If you’re going outdoors, you need to protect yourself from insect bites.
Luckily, building a bug-proof chemical barrier around human hide has never been easier, though it is admittedly confusing because of the variety of protectors promoted as insect repellents.
Some people are naturally attractive to insect pests. I know, because I’m one of those people. Biting bugs will weave their way through a crowd to locate me. Entomologists say it’s a body-chemistry thing.
Lately, there have been “natural” products that do not contain dangerous chemicals. I’ve tried every new repellent that’s come to my attention, and I can testify that they don’t work for me.
Maybe they work for people who are not bug magnets. Fishing in Mexico one year, my fishing companions were using Avon Skin-So-Soft, a skin lotion that certainly smelled better than chemical repellents.
The skin lotion worked for my fishing partners, but it didn’t deter the bugs from biting me.
What works for me is “Diethyl-meta-toluamide, commonly called DEET. It’s a chemical repellent developed for the military in the 1950s.

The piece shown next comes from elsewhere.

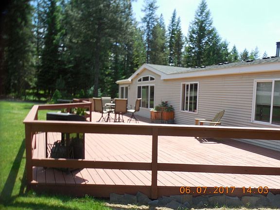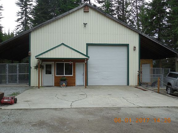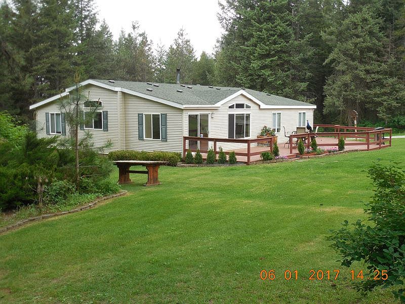 Very private and secluded almost 10 acres. Truly a beautiful property with large sunny yard surrounded by lots of trees. Forest Service on one side and Timber company on back. 1997 Triple Wide, 1960 s.f. Landscaped and very large deck. Divided shop with dog grooming facility, kennels and loft, as well as lg parking area. Carport/hayshed for extra parking. Storage shed. New roof 2016. New dishwasher today. $2000 Carpet allowance for LR and Bedrooms. Vacant and move in ready! 2 wood stoves, 1 house 1 shop

Despite billions spent on subsequent research, nothing challenges the effectiveness of DEET.
The term “repellent” may be a misnomer for the chemical famous for keeping mosquitoes at bay. Laboratory tests prove that mosquitoes will still approach a subject protected by DEET.

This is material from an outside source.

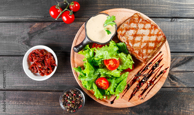 Grilled steak pork with fresh vegetable salad, tomatoes and sauce on wooden cutting board

When the mosquitoes get too close, the receptors in their antennae are overwhelmed and rendered useless.
Mosquitoes that overdose on DEET wind up in a bug’s version of a drunken stupor that may last as long as an hour. They perch in an out-of-the-way place and sleep it off until their receptors are functioning.
DEET products are available in aerosol or pump containers. To be effective, the repellent must be applied to all exposed skin.
You can read the label to make certain the repellent lists DEET as an active ingredient. The percentage of DEET varies from one product to the next. Children should use a repellent with less than 10 percent DEET.
While DEET is effective against mosquitoes, there’s another chemical repellent called permethrin that works better on ticks and chiggers. Permethrin, also developed for military use, is the active ingredient in a product called Permanone.
You do not apply Permanone to your skin. You spray it on your clothing, early enough to allow the chemical to dry before donning the clothes.
Permethrin will actually kill ticks and chiggers on contact. Applied properly, Permanone will stay effective through several washings.
How effective are these chemical barriers? So effective that I can use them correctly, then go into the spring turkey woods, sit on the ground with my back against a tree and never be bitten by a mosquito, a tick or a chigger.